La muerte de un ciudadano estadounidense durante un operativo del Servicio de Inmigración y Control de Aduanas (ICE) en Mineápolis, ocurrida el sábado, provocó protestas en distintas ciudades de Estados Unidos y abrió una investigación federal en medio de versiones enfrentadas sobre lo sucedido.
La víctima fue identificada como Alex Pretti, un enfermero de cuidados intensivos de 37 años, quien murió tras recibir múltiples disparos durante un forcejeo con agentes federales en el marco de las redadas migratorias desplegadas en Minnesota.
Aunque el tiroteo ocurrió en Mineápolis, la reacción no se limitó a esa ciudad. Manifestaciones de rechazo se registraron en Nueva York, Chicago, Los Ángeles y San Francisco, donde cientos de personas exigieron justicia y cuestionaron el papel del ICE en operativos de control migratorio.
En Mineápolis, los manifestantes desafiaron el clima gélido para concentrarse cerca del lugar donde Pretti fue abatido.
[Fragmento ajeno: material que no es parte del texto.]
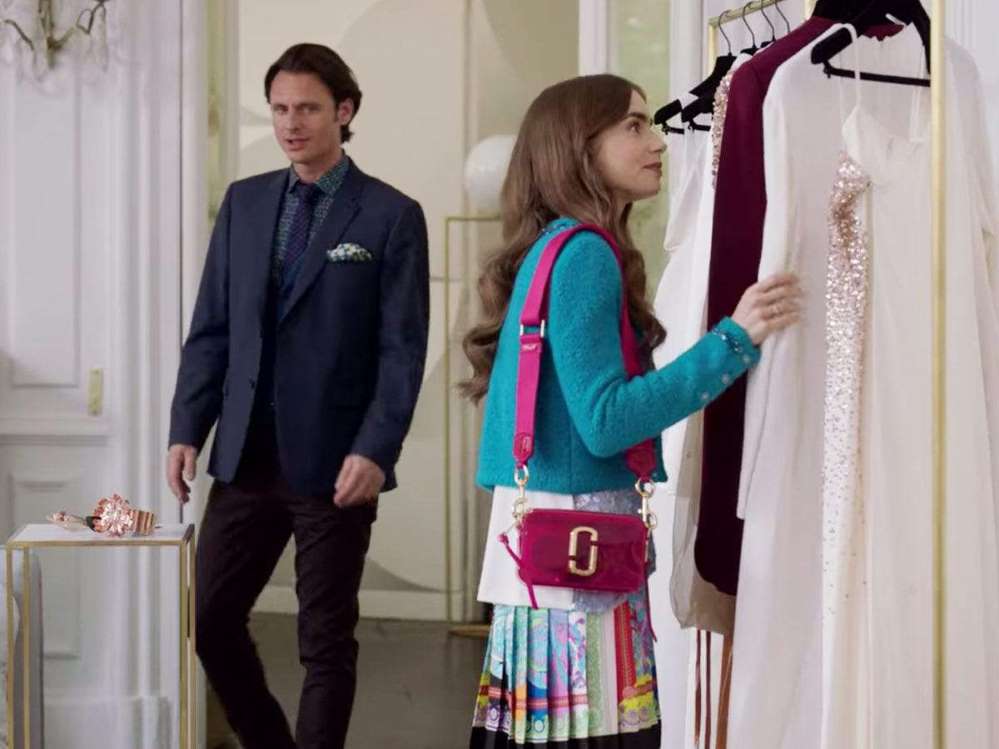 How cute is this scene when Emily met Mathieu Cadault, heir of Pierre Cadault’s brand. Pierre Cadault’s head of business affairs Mathieu mistakes Emily for American actress Brooklyn Clark. Of course, she sweetened up her eyecandy of an outfit even more with this hot pink sling bag from Marc Jacobs called Jelly Snapshot Bag.

Durante la noche del sábado se realizó una vigilia en su memoria, mientras que en el día se produjeron choques entre manifestantes y agentes federales, que utilizaron gas lacrimógeno y granadas aturdidoras para dispersar a la multitud.

El incidente quedó parcialmente registrado en videos captados por testigos, los cuales muestran un forcejeo entre Pretti y agentes de la Patrulla Fronteriza en los instantes previos al tiroteo.
Según el Departamento de Seguridad Nacional (DHS), los agentes dispararon en defensa propia luego de que el hombre se resistiera a ser desarmado. La administración Trump describió a Pretti como un “terrorista doméstico” y sostuvo que se aproximó a los agentes con una pistola semiautomática.
Sin embargo, testigos presenciales, autoridades locales y familiares de la víctima han cuestionado esa versión. Videos analizados muestran a Pretti grabando con su teléfono celular, interponiéndose entre un agente y otra persona en el suelo, y siendo rociado con gas pimienta antes de ser derribado. Ninguna de las grabaciones disponibles lo muestra empuñando un arma.
Dos testigos refutaron formalmente el relato del DHS y aseguraron que no vieron a Pretti blandir una pistola.
Trump: “Estamos revisando todo”
El presidente Donald Trump afirmó que su administración está revisando el caso. En una entrevista publicada el domingo por ‘The Wall Street Journal’, señaló: “Estamos investigando, revisando todo y tomaremos una decisión”.

En la misma conversación, Trump manifestó su rechazo al uso de armas en protestas, pero también cuestionó que una persona asistiera armada a una manifestación. Indicó que podría considerar, eventualmente, el retiro de agentes del ICE del área de Mineápolis, sin fijar un plazo.
El mandatario también acusó a funcionarios estatales y locales de “incitar a la insurrección” al no proteger a los agentes federales durante el operativo.
Ruptura entre autoridades federales y locales
El gobernador de Minnesota, Tim Walz, rechazó de forma contundente la versión del gobierno federal y calificó lo ocurrido como “repugnante”. Afirmó haber revisado los videos desde distintos ángulos y acusó a las autoridades federales de mentir sobre el desarrollo del operativo.
Walz reiteró su llamado para que se ponga fin a las operaciones del ICE en el estado y pidió que se deje de “calumniar” a Pretti, señalando que su familia ya ha sufrido lo suficiente.

El alcalde de Mineápolis, Jacob Frey, también exigió la salida de los agentes federales y cuestionó el costo humano de la operación migratoria en curso.
Por su parte, el jefe de la policía local, Brian O’Hara, aseguró que agentes federales impidieron a las autoridades estatales acceder a la escena del tiroteo, pese a contar con una orden judicial, lo que ha dificultado las investigaciones.
Políticos y empresarios también rechazaron el hecho
La reacción al caso ha trascendido el ámbito local. Figuras del Partido Republicano expresaron preocupación por las tácticas federales. El senador Bill Cassidy calificó el tiroteo como “increíblemente perturbador” y advirtió que la credibilidad del ICE y del DHS está en juego.
Además, directivos de más de 60 empresas con sede en Minnesota firmaron una carta abierta solicitando una reducción inmediata de las tensiones y coordinación entre autoridades locales y federales.
La muerte de Pretti ocurre en un contexto de creciente confrontación por las redadas migratorias en Minnesota. Semanas antes, otro ciudadana estadounidense, Renee Good, murió durante una operación similar.

El despliegue federal fue ordenado por Trump el 6 de enero, con el envío de unos 2.000 agentes para ejecutar lo que la administración describió como la mayor ofensiva migratoria en la historia reciente. Minnesota alberga la comunidad somalí más numerosa del país, uno de los focos de las operaciones.